• What is being asked: Output exactly the lines below, starting with the line that has "Ce geste n’est" and going on through the line that has "1876 50C Indian", both included, and no other lines.

• Supplied material:
::::

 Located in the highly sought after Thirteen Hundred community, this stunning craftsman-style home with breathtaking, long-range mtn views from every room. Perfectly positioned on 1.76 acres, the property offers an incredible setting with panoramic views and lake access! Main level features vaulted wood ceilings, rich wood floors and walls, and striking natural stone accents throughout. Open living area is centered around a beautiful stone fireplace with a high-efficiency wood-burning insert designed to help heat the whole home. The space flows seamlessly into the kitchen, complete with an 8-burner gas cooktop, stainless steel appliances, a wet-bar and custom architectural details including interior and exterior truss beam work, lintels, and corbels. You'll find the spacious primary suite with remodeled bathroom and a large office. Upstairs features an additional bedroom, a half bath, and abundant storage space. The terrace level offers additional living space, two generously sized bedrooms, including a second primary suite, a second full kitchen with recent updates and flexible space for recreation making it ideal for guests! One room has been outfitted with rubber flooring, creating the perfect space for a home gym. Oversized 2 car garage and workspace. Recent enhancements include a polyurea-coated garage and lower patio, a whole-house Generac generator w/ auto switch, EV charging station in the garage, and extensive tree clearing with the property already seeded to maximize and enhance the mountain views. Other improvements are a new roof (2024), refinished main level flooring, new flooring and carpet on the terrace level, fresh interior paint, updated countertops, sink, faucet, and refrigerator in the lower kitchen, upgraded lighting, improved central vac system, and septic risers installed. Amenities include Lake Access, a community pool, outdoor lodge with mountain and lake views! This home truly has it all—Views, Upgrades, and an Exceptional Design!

::::

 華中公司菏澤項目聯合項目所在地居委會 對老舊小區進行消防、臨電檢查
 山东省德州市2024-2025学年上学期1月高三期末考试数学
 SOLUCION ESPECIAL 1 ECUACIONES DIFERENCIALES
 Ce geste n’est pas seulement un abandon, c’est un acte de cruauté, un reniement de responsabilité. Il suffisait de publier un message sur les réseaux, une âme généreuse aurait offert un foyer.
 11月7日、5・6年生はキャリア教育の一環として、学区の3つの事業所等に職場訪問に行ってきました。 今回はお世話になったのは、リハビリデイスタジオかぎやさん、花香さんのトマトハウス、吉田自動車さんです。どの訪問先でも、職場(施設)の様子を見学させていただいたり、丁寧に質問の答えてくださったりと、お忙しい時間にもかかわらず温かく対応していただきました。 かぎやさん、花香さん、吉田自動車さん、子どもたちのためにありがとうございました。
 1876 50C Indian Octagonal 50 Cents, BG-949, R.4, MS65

::::

• Written response:
 Ce geste n’est pas seulement un abandon, c’est un acte de cruauté, un reniement de responsabilité. Il suffisait de publier un message sur les réseaux, une âme généreuse aurait offert un foyer.
 11月7日、5・6年生はキャリア教育の一環として、学区の3つの事業所等に職場訪問に行ってきました。 今回はお世話になったのは、リハビリデイスタジオかぎやさん、花香さんのトマトハウス、吉田自動車さんです。どの訪問先でも、職場(施設)の様子を見学させていただいたり、丁寧に質問の答えてくださったりと、お忙しい時間にもかかわらず温かく対応していただきました。 かぎやさん、花香さん、吉田自動車さん、子どもたちのためにありがとうございました。
 1876 50C Indian Octagonal 50 Cents, BG-949, R.4, MS65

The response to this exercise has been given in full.